Avoiding Plagiarism
(From an article by Sharon Williams, www.hamilton.edu/academics)

Imagine you are an English teacher looking at students’ research papers. Determine which of the versions correctly paraphrases the original sources and which ones do not. For the incorrect versions, explain what the student did right and what needs improvement.


Original Source #1


If the existence of a signing ape was unsettling for linguists, it was also startling news for animal behaviorists (Davis, p. 26).


Version A:
If the presence of a sign-language-using chimp was disturbing for scientists studying language, it was also surprising to scientists studying animal behavior (Davis, p. 26).




Version B:
According to Flora Davis, linguists and animal behaviorists were unprepared for the news that a chimp could communicate with its trainers through sign language (p. 26).




Version C:
The existence of a signing ape unsettled linguists and startled animal behaviorists (Davis, p. 26).





Original Source #2:

The joker in the European pack was Italy.

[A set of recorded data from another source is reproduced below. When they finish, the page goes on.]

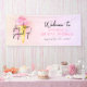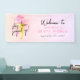 Sie wurde mit einem Banner-Begrüßungszeichen in Pink Ice Brautparty aufgedeckt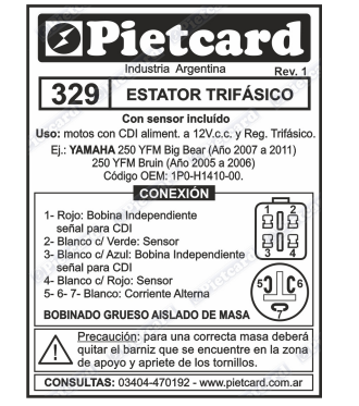 0329 ESTATOR MONOF. 18 POLOS AIS. MAZ YAMAHA 250 YFM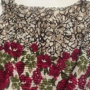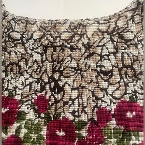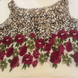 Stylish sleeveless top with a unique textured design. Features a floral pattern in red and green accented with cream and brown. Relaxed fit perfect for any occasion.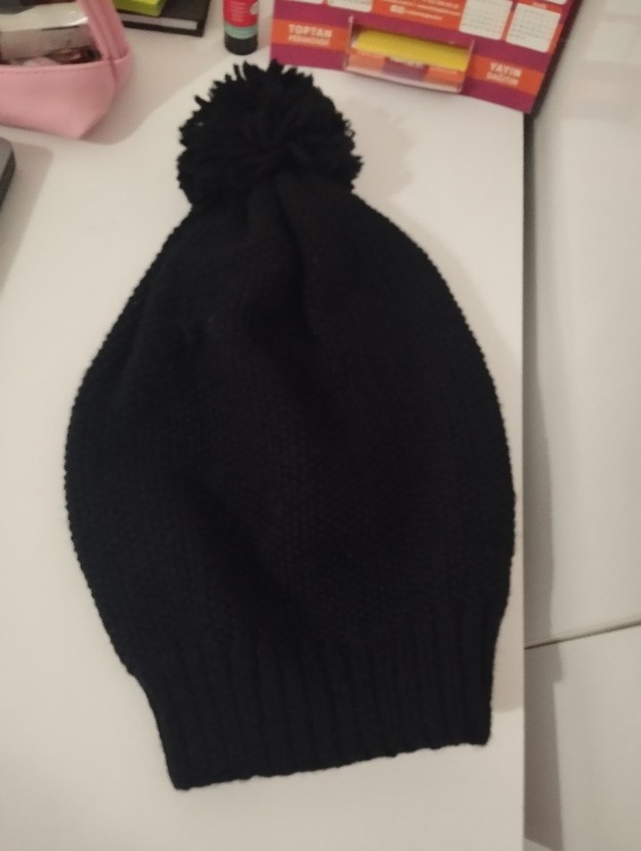 Yumuşak fleece astarlı, ponponlu siyah triko bere, rahat ve sade gotik tarzda.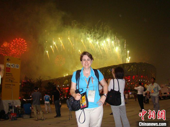 2008年,林莎莉在北京奧運會期間為澳大利亞媒體的記者擔任翻譯和顧問。(受訪者供圖)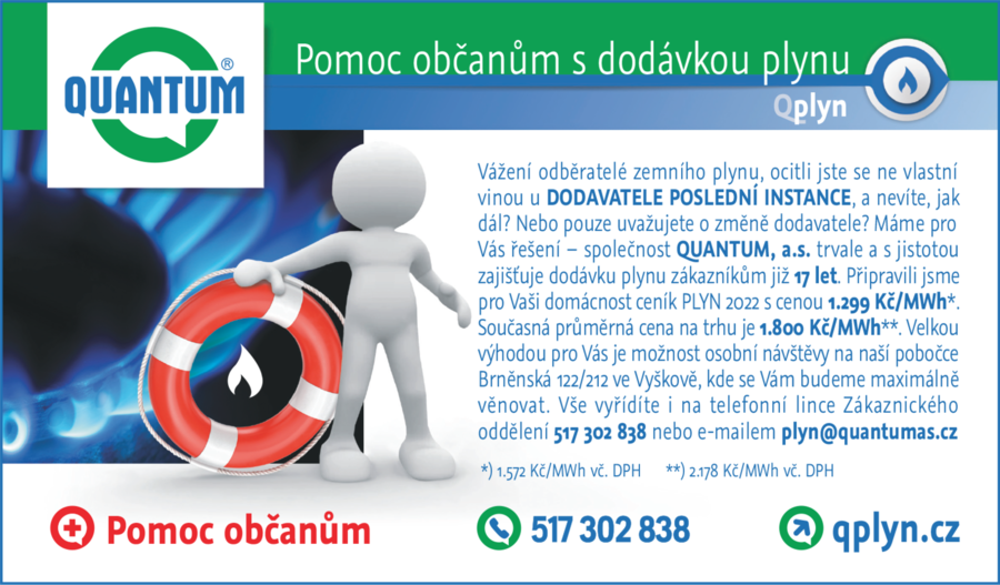 Pomoc občanům s dodávkou plynu od QUANTUM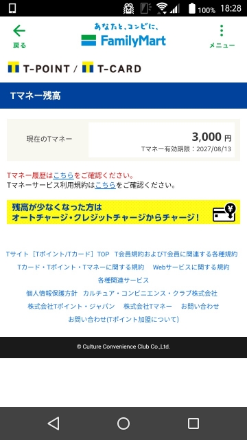 前置きが長くなってしまいましたが、こんな感じで事前に「T カード(ファミマ T カード)」に「T マネー」機能を付与し、そしてクレジットカードでチャージ(3,000 円)した状態でファミリーマートに向かいました。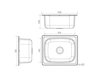 Laundry Bowl 519 x 415 / 230 deep Top Mount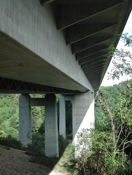 The free cantilever building built over consists of two 6.60 m high prestressed concrete trusses with a longitudinal and transverse sheet deck 23.5 m wide. A pedestrian and cycle path after kind of a double-deck bridge is located on the lower deck of the construction. The bridge spans the Mangfall Valley at an altitude of about 63 m spans from 90 + 108 + 90 = 288 m. The total cost was approximately 7.3 million DM including the construction of bicycle and sidewalk connections. A simple box girder tie-concrete beams for the extension of the motorway has been built next to the truss structure.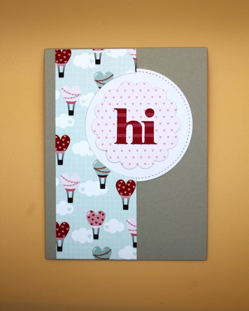 This quick and simple, yet sweet card using a 2 inch strip of Echo Park Love Notes 6X6 paper. And a couple of circle dies and punches. It came together really fast but is still really cute!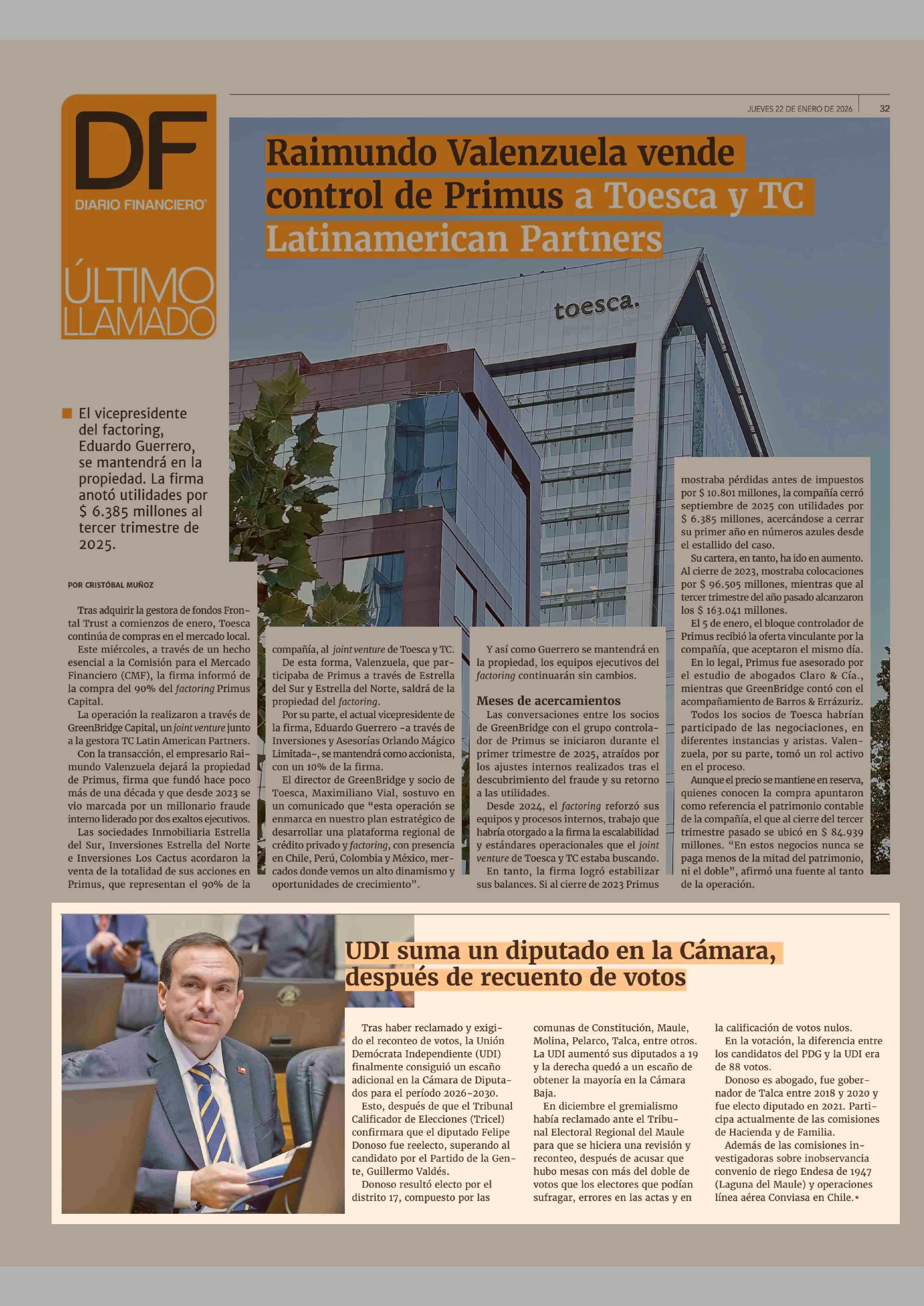 UDI suma un diputado en la Cámara, después de recuento de votos 22-01-2026 Diario Financiero |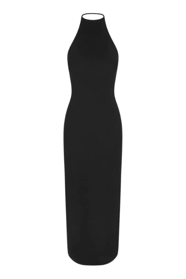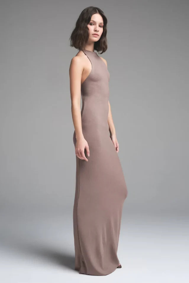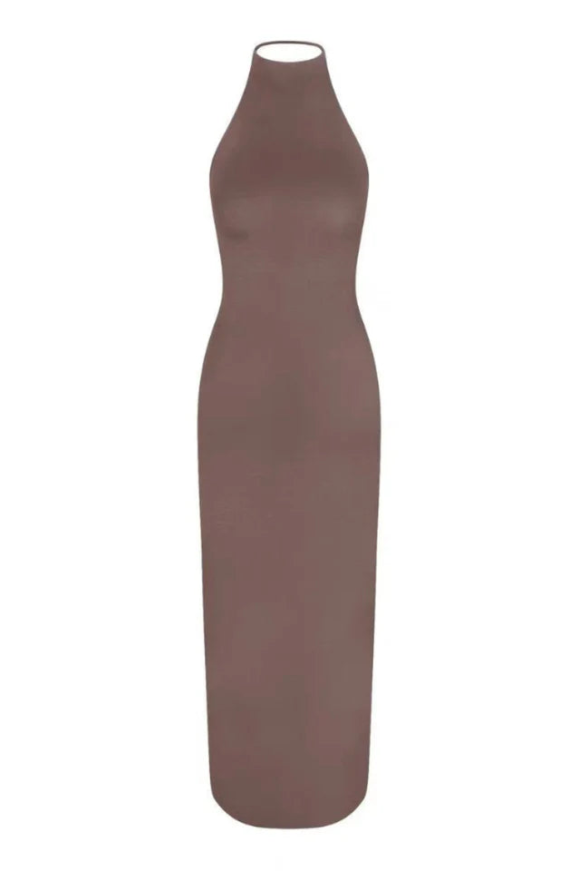Plush elegance, endless allure. Flaunt your figure day to night in this body-hugging halter dress made with our new super soft cloud fabric. With a sexy, open low back and spaghetti strap detail, this full-length style delivers a modern, eye-catching look like no other. Fits true to size.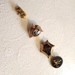 4 small collectable lapel pins. I believe 3 of the pins to be from the same fraternity and/or law school.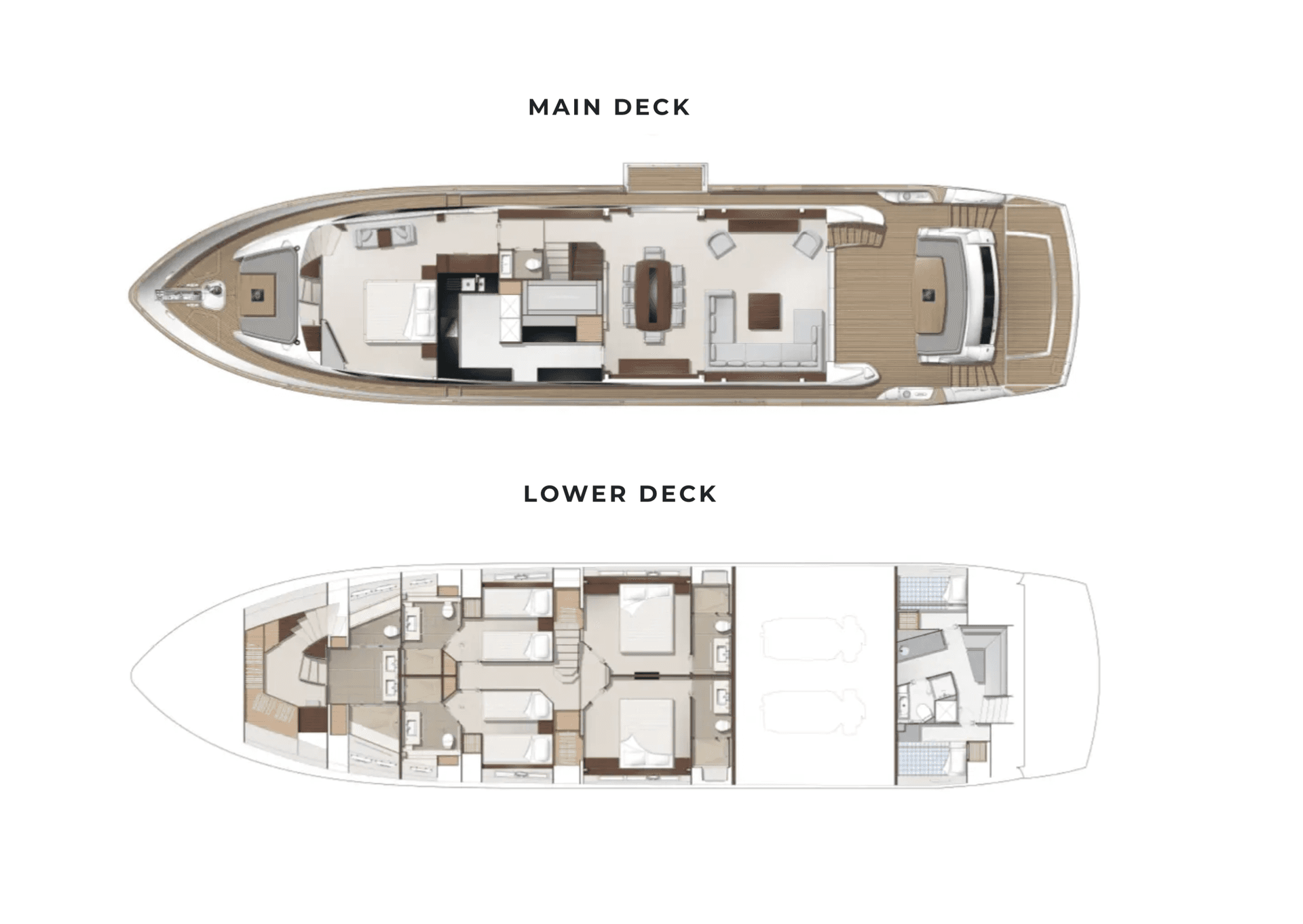 The cabins offer refined comfort and elegant design, ensuring a relaxing retreat during every voyage. Each cabin, from the master suite to the convertible cabins, is thoughtfully appointed to provide privacy and an exceptional guest experience.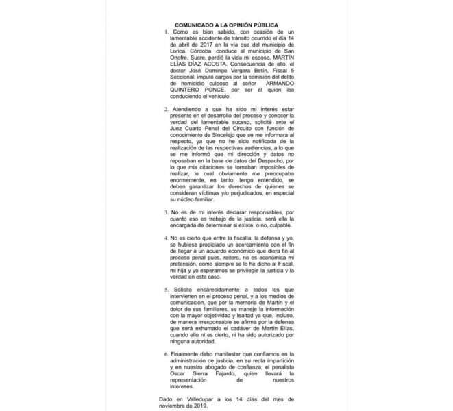 “No es cierto que entre la fiscalía, la defensa y yo, se hubiese propiciado un acercamiento con el fin de llegar a un acuerdo económico, que diera fin al proceso, reitero, no es económica mi petición, como siempre se lo he dicho al fiscal, mi hija y yo esperamos se privilegie la justicia y la verdad en este caso”, dice la mujer.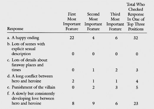 拉德威的定量方法一开始似乎与熟悉的远读例子相去甚远。她不讨论算法。相反,她只是用数字来计算和比较。例如,为了问“一部浪漫小说的哪些元素最被读者看重?”(见图1)。最近的远读例子可能会变得比这更复杂。但它们也可以保持同样简单。弗兰克·莫雷蒂依靠书目来衡量体裁的寿命。我向读者询问了他们对94部小说中过去时光的印象。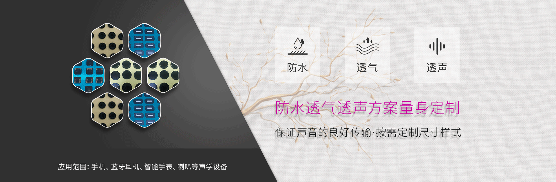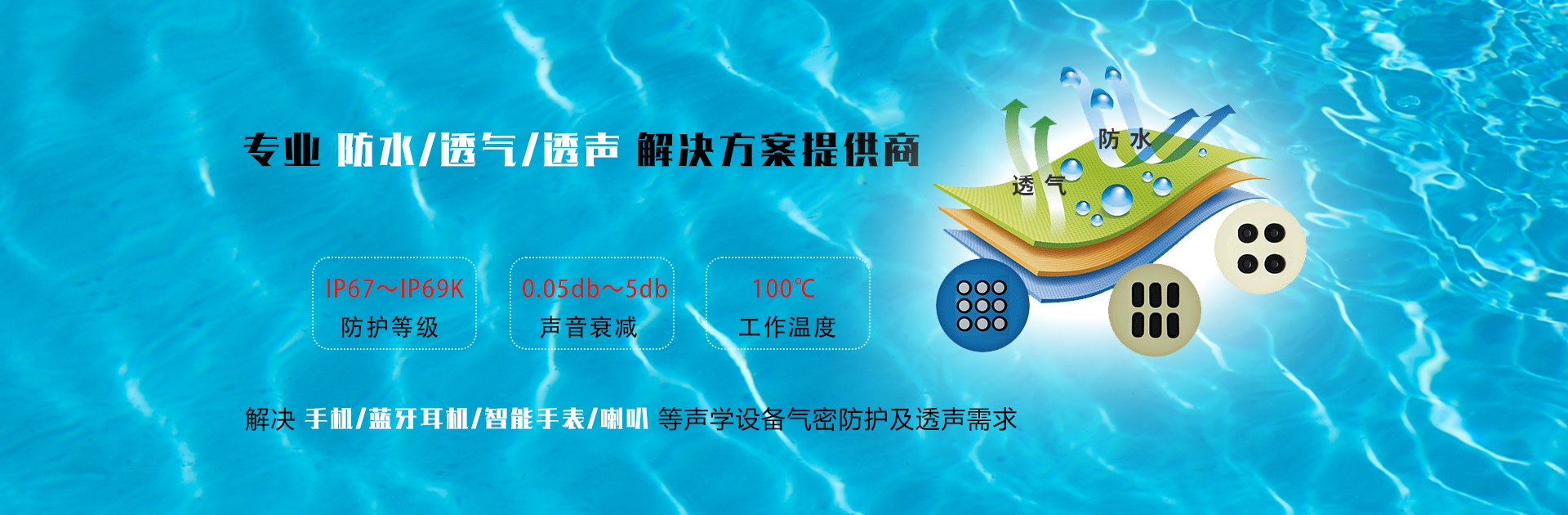 成立于2012年1月,我司自主研發生產及銷售:防水透聲膜,防水透氣膜,防水網,產品能夠提供高達IP54- IP57- IP67 - IP68的防護等級,在保證音質的同時,提供更好的防水-防塵-防油污性能,具有穩定的透氣性,耐高溫,抗老化,適度的柔軟性....

For a time, hopes were entertained of her as a force against Germany, but these disappeared under Mussolini. In 1935 Italy made a belated attempt to participate in the scramble for Africa by invading Ethiopia. It was clearly a breach of the covenant of the League of Nations for one of its members to attack another. France and Great Britain, the Mediterranean powers, and the African powers were bound to take the lead against Italy at the league. But they did so feebly and half-heartedly because they did not want to alienate a possible ally against Germany. The result was the worst possible: the league failed to check aggression, Ethiopia lost her independence, and Italy was alienated after all (J.M. Roberts, History of the World. New York: Knopf, 1976, p. 845).


Version A:
Italy, one might say, was the joker in the European deck. When she invaded Ethiopia, it was clearly a breach of the covenant of the League of Nations, yet the efforts of England and France to take the lead against her were feeble and half-hearted. It appears that those great powers had no wish to alienate a possible ally against Hitler’s rearmed Germany (Roberts, p. 845).



Version B:
Italy was the Joker in the European deck. Under Mussolini in 1935, she made a belated attempt to participate in the scramble for Africa by invading Ethiopia. As J.M. Roberts points out, this violated the covenant of the League of Nations (845). But France and Britain, not wanting to alienate a possible ally against Germany, put up only feeble and half-hearted opposition to the Ethiopian adventure. The outcome, as Roberts observes, was “the worst possible: the league failed to check aggression, Ethiopia lost her independence, and Italy was alientated after all” (p. 845).



Version C:
Much has been written about German rearmament and militarism in the period 1933-39. But Germany’s dominance in Europe was by no means a fore gone conclusion. The fact is that the balance of power might have been tipped against Hitler if one or two things had turned out differently. Take Italy’s gravitation toward an alliance with Germany, for example. That alliance seemed so very far from inevitable that Britain and France actually muted their criticism of the Ethiopian invasion in the hope of remaining friends with Italy. They opposed the Italians in the League of Nations, as J.M. Roberts observes, “feebly and half-heartedly because they did not want to alienate a possible ally against Germany” (p. 845). Suppose Italy, France, and Britain had retained a certain common interest. Would Hitler have been able to get away with his remarkable bluffing bullying in the later Thirties?